Warum hat Jesus nicht die andere Wange hingehalten?

Ich aber sage euch: Leistet dem, der euch etwas Böses antut, keinen Widerstand, sondern wenn dich einer auf die rechte Wange schlägt, dann halt ihm auch die andere hin! (Matthäus 5,39)

Diese Worte Jesu aus der Bergpredigt sind vielen bekannt. Manche sehen in diesen Worten einen klaren Hinweis auf die Weltfremdheit des Christentums. In einer Welt, in der sich vielfach die Starken, Kaltblütigen und Skrupellosen durchsetzen, kommt man mit dem Hinhalten der anderen Wange nicht weit.

Nun ist klar, dass es einem Christen nicht darum geht, in dieser von der Rebellion gegen Gott geprägten Welt, „weit zu kommen“. Aber hat Jesus wirklich gemeint, dass dieses Wort in jeder derartigen Situation wortwörtlich befolgt werden soll?

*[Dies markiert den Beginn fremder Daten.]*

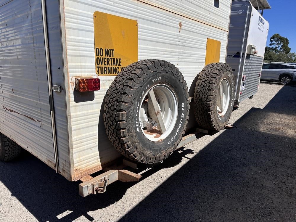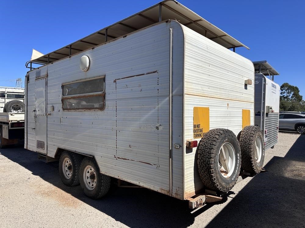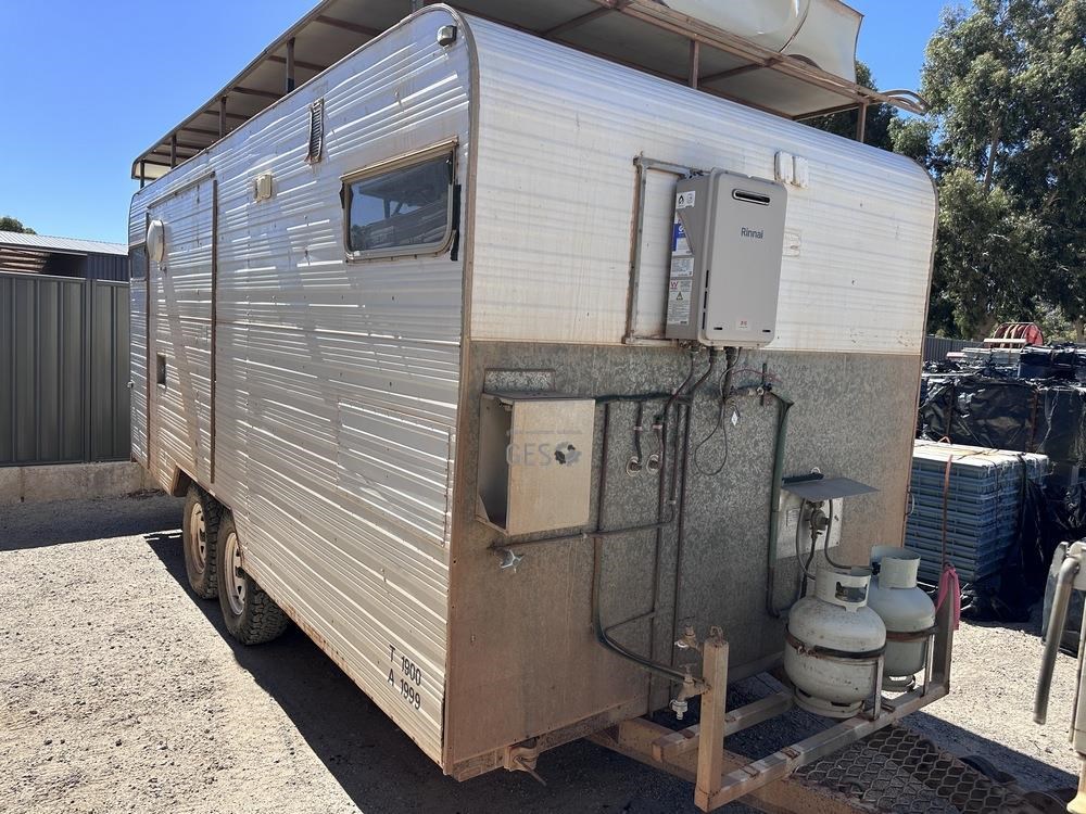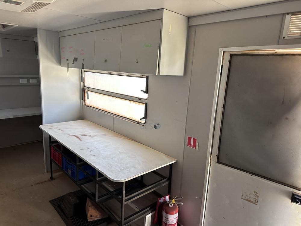 1988 Modern 5.5 mtr Kitchen & office caravan with appliances. Registration can only be transfered to a Western Australia address. Offered for sale in "As Is Where Is" condition, the buyer is responsible for preparation and lifting on to buyers transport ex Midvale, WA.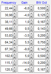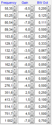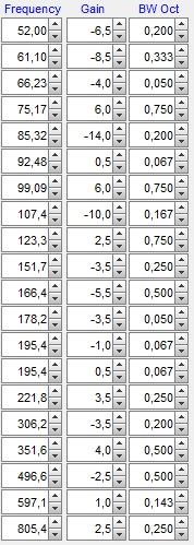 - Частота 153 Гц, усиление −6,5 дБ, добротность 0,16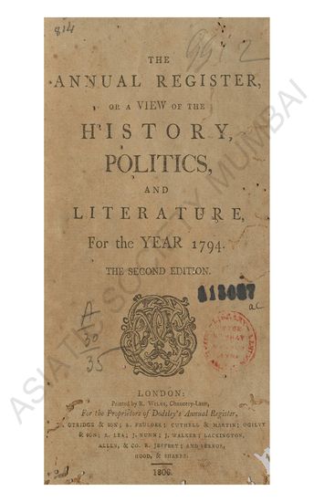 Annual register : or a view of the history, politics, and literature, for the year 1794.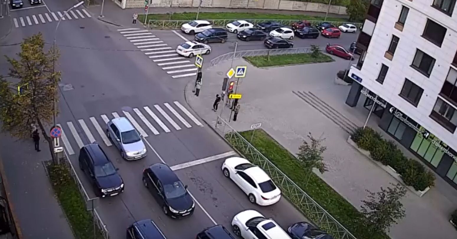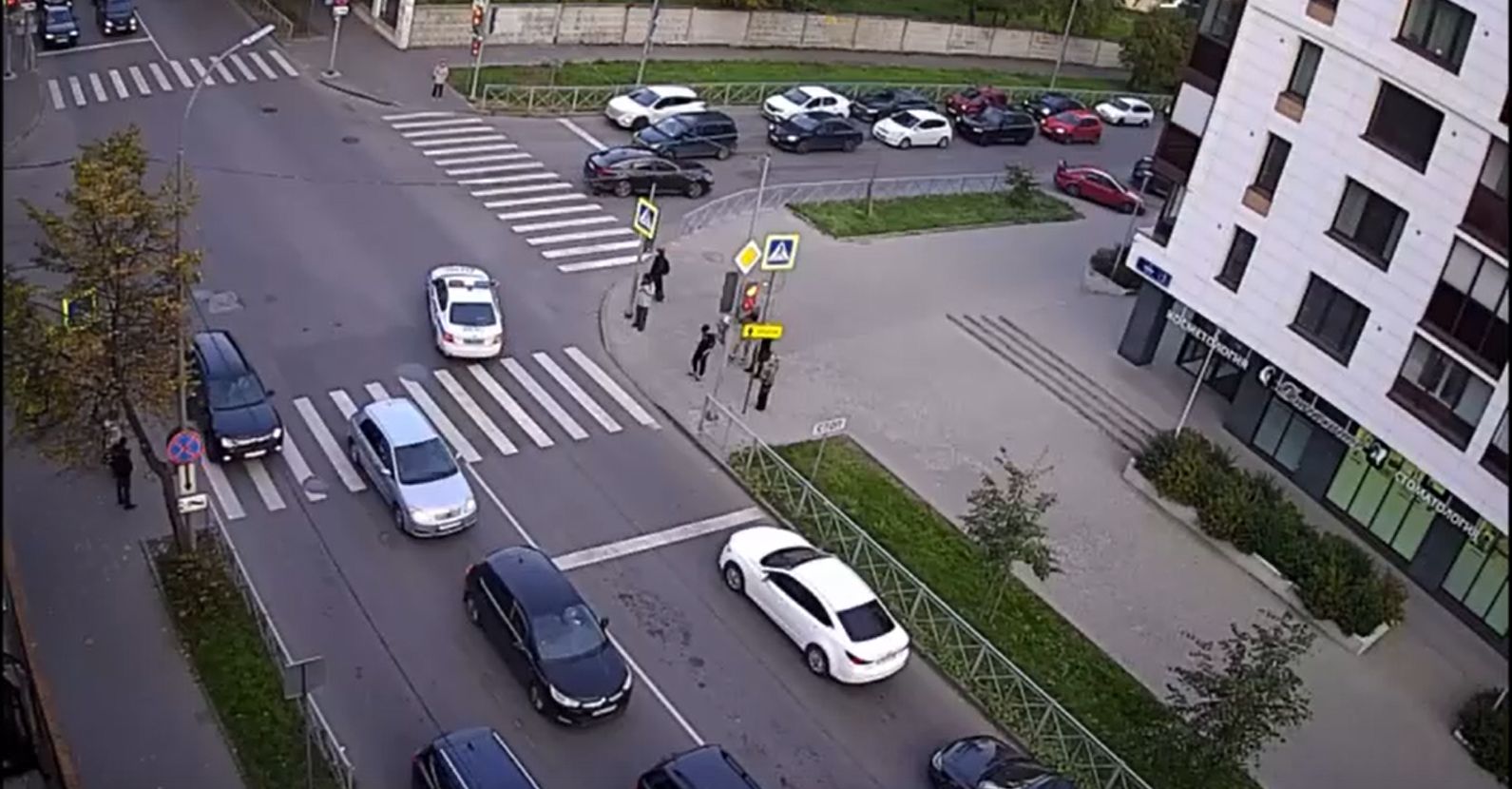 Момент нарушения попал на запись камеры уличного видеонаблюдения компании «Ситилинк». На кадрах видно, как легковой автомобиль выехал «на встречку», похоже, что водителю не хотелось стоять в пробке — на перекрестке в час пик скопились автомобили.
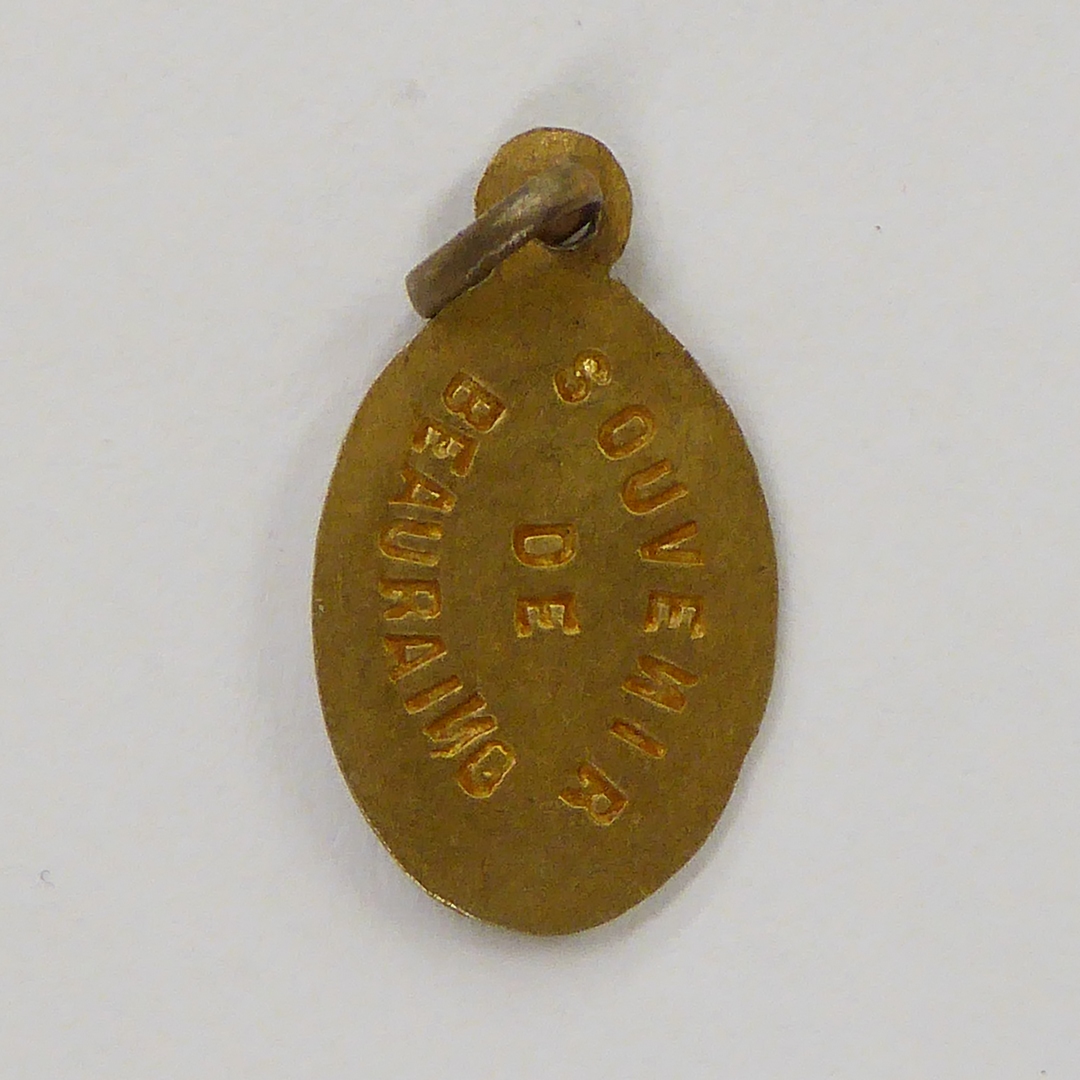 Bedevaartspenning met O.L. Vrouw van Beauraing, kz. tekst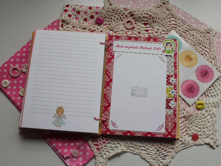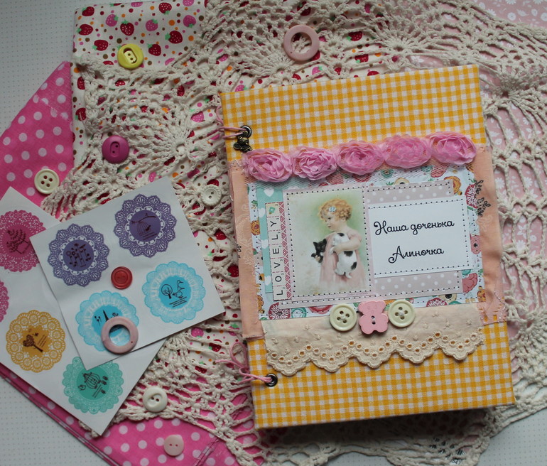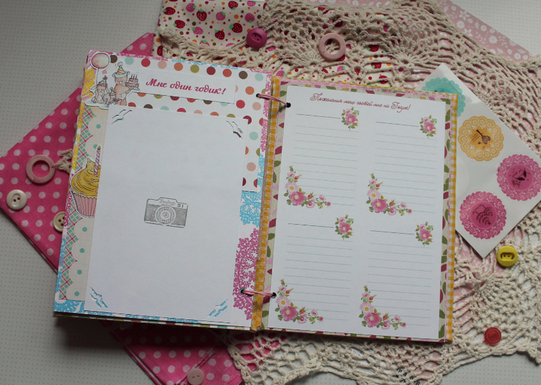 Привет,девочки . Вчера закончила очередной заказ: альбомо-блокнот для крошки -малышки Алиночки . Все как обычно :многофото/карточки достижений и успехов /листы для ведения записей мамочкой. Стихотворение на первом форзаце и два кармашка -для бирочки и фото УЗИ -на втором .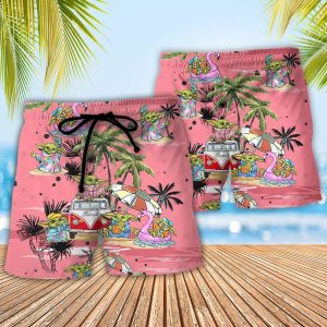 Pink Flamingo With Red Hibiscus In White Trendy Hawaiian Shirt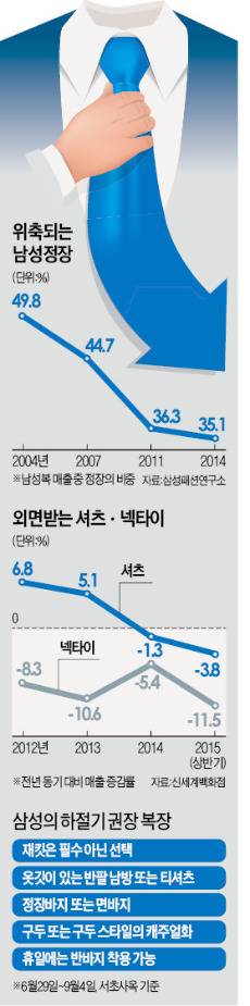 정장 수요가 꺾인 가장 큰 배경은 대기업들의 근무복장 자율화다. 1999년 CJ를 시작으로 삼성 LG SK 롯데 등이 줄줄이 비즈니스 캐주얼을 도입했다. 올여름에는 삼성이 주말 반바지 착용까지 허용하는 등 격식 파괴가 가속화하고 있다.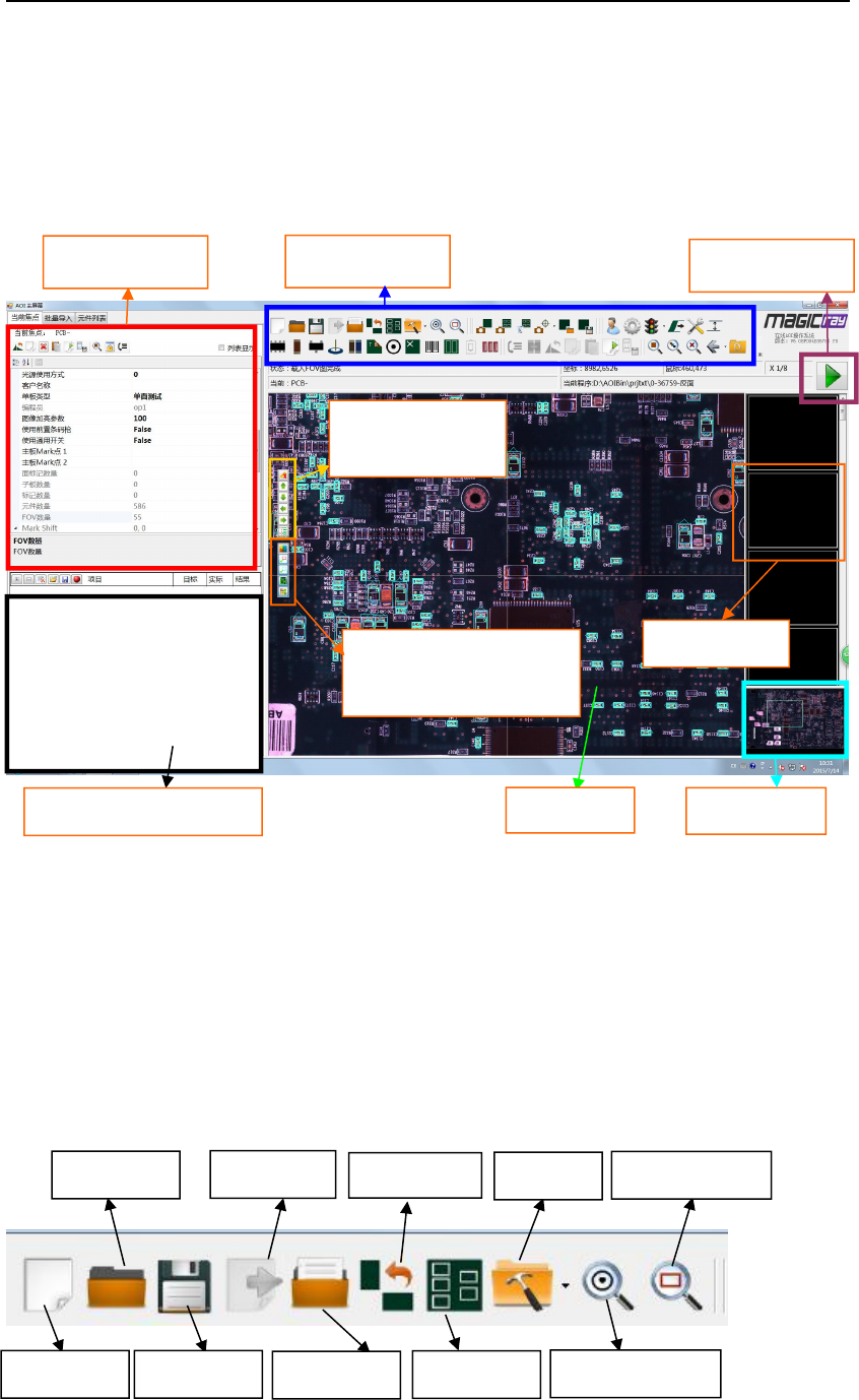 炉后 AOI 手册 8 第一章 主画面 第 1 节 主画面分布 第 2 节 快捷功能图标说 明 快捷功能图标 按功能分为 6 个模块 1.2. 1 “程序 操作” 模块 : 此模块的主要 作用是对程序进行 相关操作,具体如 下 颜 色 查 看 及 区 域 锁 定 处理功能模块 (左中) 批量检测按扭 检 测 窗 处 理 功 能模块(左上 ) 当前焦点信息 快捷功能模块 PCB 缩略图 测试结果载入 调试区 PCB 整图 FOV 缩略图 …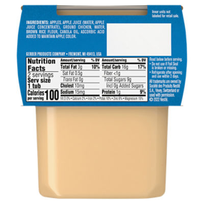 Gerber 1st Foods Apple Baby Meal - 4oz : Target Gerber fruit puree uses natural apples that meet high quality standards to start a love of fruit This baby puree is made with 1/3 apple and has 45% daily value of vitamin C in each tub Non-GMO Gerber baby food contains no artificial flavors or colors and no added sweetener or starch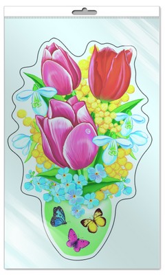 *ФМ-9485 ПЛАКАТ ВЫРУБНОЙ А4 В ПАКЕТЕ. Букет в вазочке (с блестками в индивидивидуальной упаковке с европодвесом и клеевым клапаном)

Jesus selbst hat uns ein Beispiel gegeben. Nach seiner Gefangennahme wurde er zuerst zu Hannas, dem Schwiegervater des amtierenden Hohepriesters, zu einer Art Vorverhör geführt. Obwohl Hannas seit dem Jahre 15 nicht mehr im Amt war, war sein Wort innerhalb der hohepriesterlichen Familie noch sehr bedeutend, und er wird von Johannes und auch seinem Diener Hohepriester genannt.

19 Der Hohepriester befragte Jesus über seine Jünger und über seine Lehre. 20 Jesus antwortete ihm: Ich habe offen vor aller Welt gesprochen. Ich habe immer in der Synagoge und im Tempel gelehrt, wo alle Juden zusammenkommen. Nichts habe ich im Geheimen gesprochen. 21 Warum fragst du mich? Frag doch die, die gehört haben, was ich zu ihnen gesagt habe; siehe, sie wissen, was ich geredet habe. 22 Als er dies sagte, schlug einer von den Dienern, der dabeistand, Jesus ins Gesicht und sagte: Antwortest du so dem Hohepriester? 23 Jesus entgegnete ihm: Wenn es nicht recht war, was ich gesagt habe, dann weise es nach; wenn es aber recht war, warum schlägst du mich? (Johannes 18,19-23)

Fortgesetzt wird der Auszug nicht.